Created 10-11-2018 09:32 PM
I understand a PARTITIONED table with CLUSTERED BY clause will create groups of data files inside each partition but what if the table is created with just CLUSTERED BY into BUCKETS clause ? isnt it the same as a partitioned table since it will group the files together based on the clustered column ?
Created 10-13-2018 04:40 AM
Assume below sample data
name,age,dept
'naresh',25,'IT'
'sami',24,'ECE'
Creating a table with partitioned by(name) clustered by(age,dept) into 1 bucket, 2 partition folders inside table path
<table_path>/name=naresh/000000_0
<table_path>/name=sami/000000_0
Whereas incase of clustered by(name,age,dept) into 1 bucket, hashcode(name,age,dept) % Number of buckets
Clustered by scatters the data within buckets based on hashcode, whereas incase of partition by, u will have explicit folder per unique value of a column which gives better performance if filters applied on partition column.
If my response helped your query, accept the answer. It might help others in the community.
Created 10-12-2018 01:36 PM
can anyone address this question ?
Created 10-13-2018 04:40 AM
Assume below sample data
name,age,dept
'naresh',25,'IT'
'sami',24,'ECE'
Creating a table with partitioned by(name) clustered by(age,dept) into 1 bucket, 2 partition folders inside table path
<table_path>/name=naresh/000000_0
<table_path>/name=sami/000000_0
Whereas incase of clustered by(name,age,dept) into 1 bucket, hashcode(name,age,dept) % Number of buckets
Clustered by scatters the data within buckets based on hashcode, whereas incase of partition by, u will have explicit folder per unique value of a column which gives better performance if filters applied on partition column.
If my response helped your query, accept the answer. It might help others in the community.
Created 10-14-2018 03:06 AM
like partitioning we can give filters in the query . what about clustering ? how can the query benefit from it ?
Created 10-15-2018 06:26 AM
Bucketed tables allows much more efficient sampling than non-bucketed tables. With sampling, we can try out queries on a section of data for testing and debugging purpose when the original data sets are very huge.
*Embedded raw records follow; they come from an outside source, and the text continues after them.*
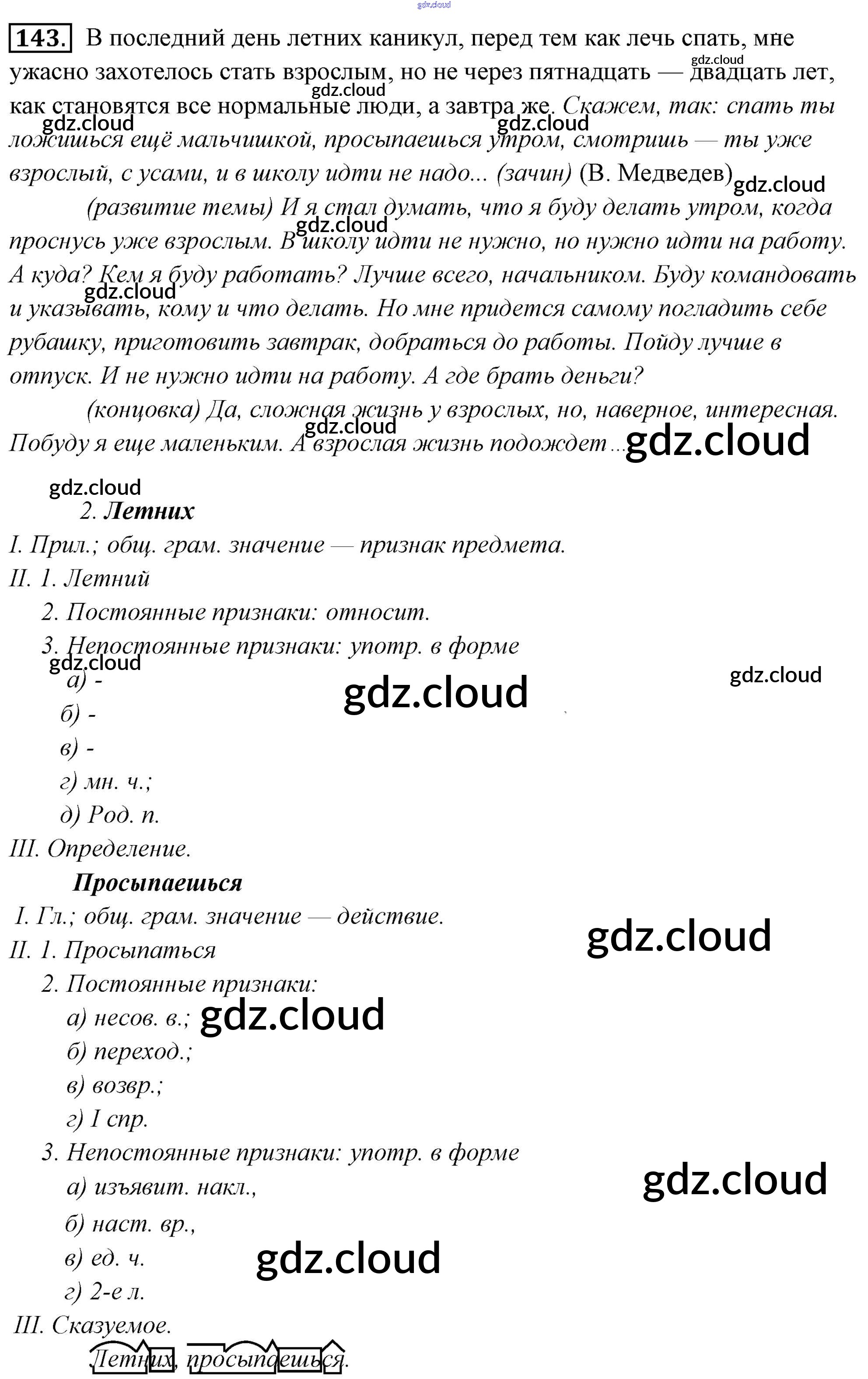 Ответ на задание 143 Учебник Русский язык за 6 (шестой) класс Львова, Львов 2013 Часть 1, 2 ФГОС онлайн и без номера телефона.
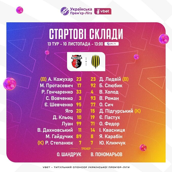 У неділю, 10 листопада, о 13:00 відбудеться матч 13-го туру Української Прем'єр-ліги.
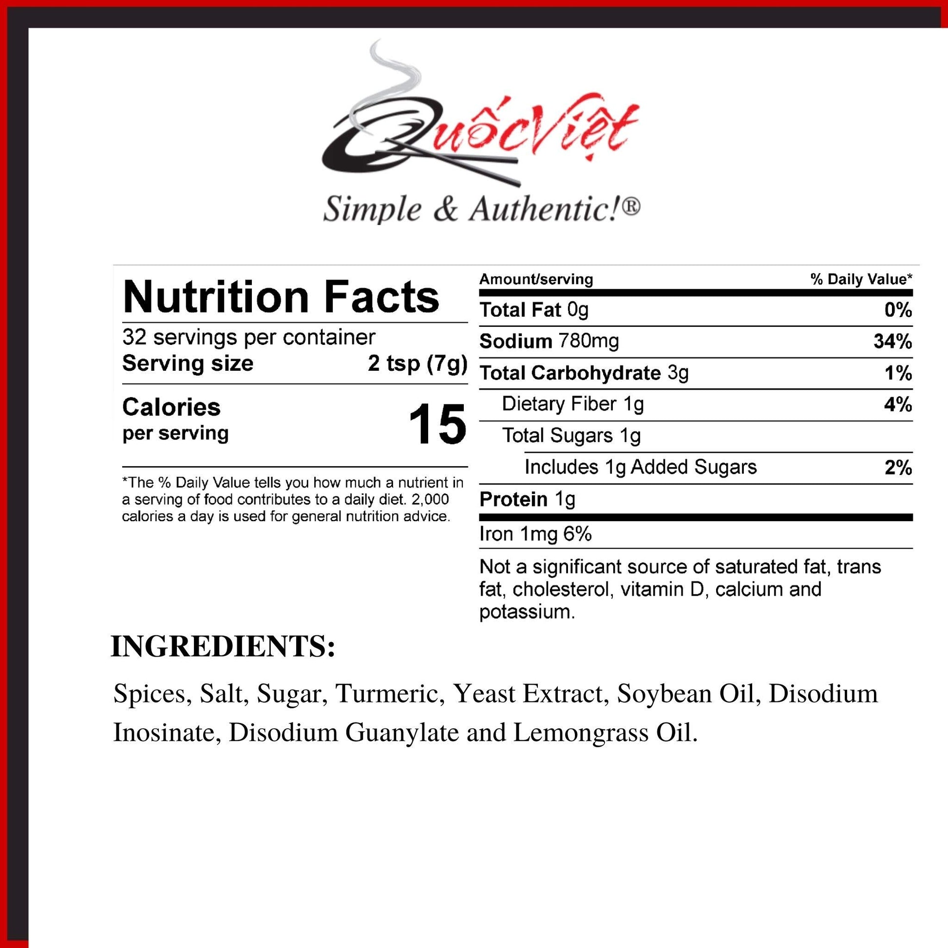Q: What is Quoc Viet Foods Curry Soup Base made of?A: Quoc Viet Foods Curry Soup Base is crafted with natural ingredients and contains no preservatives or monosodium glutamate (MSG). This ensures an authentic and flavorful experience in every bowl.
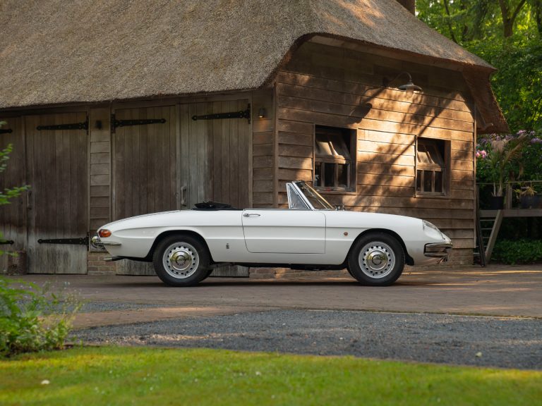 Als de oudste tevens de mooiste blijkt te zijn… Deze beeldschone Alfa Romeo Duetto 1600 werd in 1966 gefabriceerd en verkeert in absolute topstaat! Zo zagen we de originele Spider nog nooit. En dat zegt heel wat, aangezien het team van Prins al sinds 1990 hét vertrouwde aanspreekpunt is voor ware Alfisti. Daarmee zijn we één van de langst bestaande Alfa Romeo specialisten van dit moment. Om maar even aan te geven hoe bijzonder (en) mooi deze auto is. Bijzonder is ook de historie van ons witte pareltje: dit unieke exemplaar heeft namelijk productienummer 98(!) en is uitgevoerd in de originele AR008 kleur. Classic Car Restoration is verantwoordelijk voor het opnieuw aanbrengen van de lak + een motorrevisie. Voor de rest bleef alles bij het oude, kijk alleen al naar de smetteloze (!) bodem, originele Dunlop schijfremmen en vele andere details. Eigenlijk te mooi om weg te doen, maar Wim gunt ‘m een andere Alfist! Afgelopen juni reden we er zelf de Prins Classica Tour ’25 mee door Zuid-Frankrijk: wat een geweldige funfactor heeft deze Duetto, ook de Mont Ventoux beklom hij moeiteloos.

False positive is possible on clustered by columns, whereas applying filters on partition column is better in pruning the exact files.
Bucketing tables also helps in map-join, assuming the data is equally distributed. As it eliminates the cost of partitioning the data while joining.
Bucketing is useful with high cardinality columns, as it reduces number of small files & clusters them within specified buckets.
Earlier to HIVE-11525, bucketing wasn't able to filter files if multiple columns are clustered by.